─── Supplied material ───
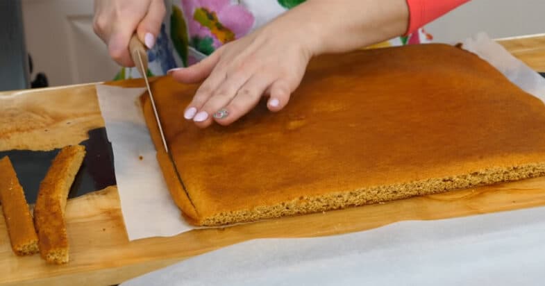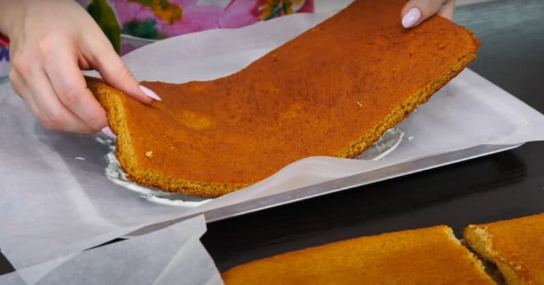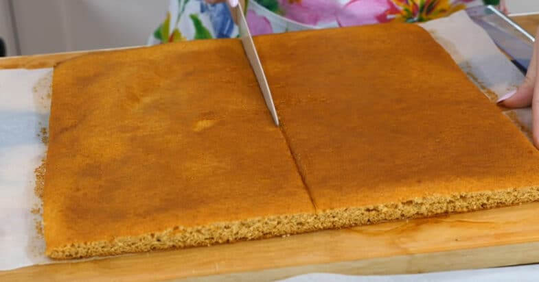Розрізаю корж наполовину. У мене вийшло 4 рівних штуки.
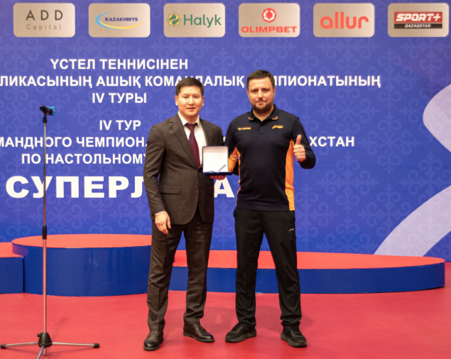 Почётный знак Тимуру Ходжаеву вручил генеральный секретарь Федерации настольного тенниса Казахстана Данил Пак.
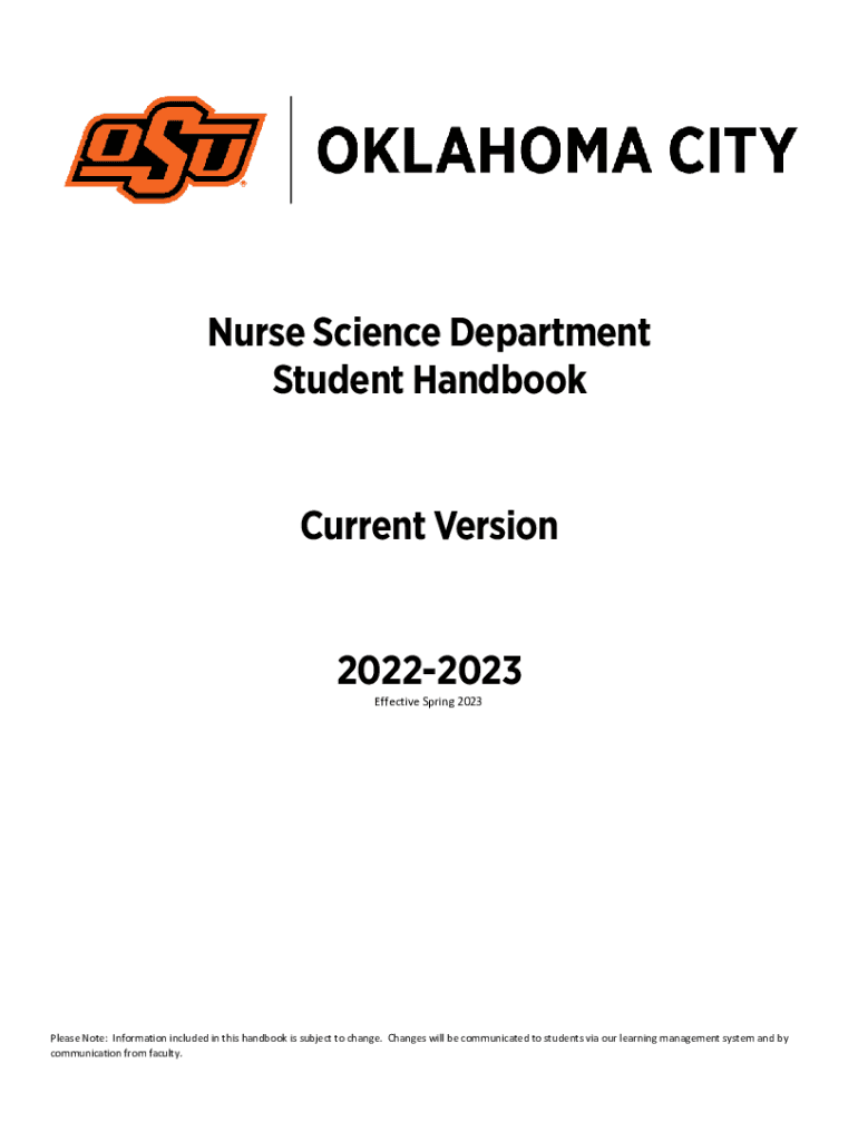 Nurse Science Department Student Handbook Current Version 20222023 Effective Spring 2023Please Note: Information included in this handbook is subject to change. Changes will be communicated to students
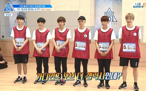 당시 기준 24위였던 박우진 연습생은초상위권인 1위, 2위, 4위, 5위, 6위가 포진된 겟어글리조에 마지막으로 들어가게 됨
───
- Activity
Your answer should contain all the material above, written out exactly, and none of the pictures.

- Response area
Розрізаю корж наполовину. У мене вийшло 4 рівних штуки.
 Почётный знак Тимуру Ходжаеву вручил генеральный секретарь Федерации настольного тенниса Казахстана Данил Пак.
 Nurse Science Department Student Handbook Current Version 20222023 Effective Spring 2023Please Note: Information included in this handbook is subject to change. Changes will be communicated to students
 당시 기준 24위였던 박우진 연습생은초상위권인 1위, 2위, 4위, 5위, 6위가 포진된 겟어글리조에 마지막으로 들어가게 됨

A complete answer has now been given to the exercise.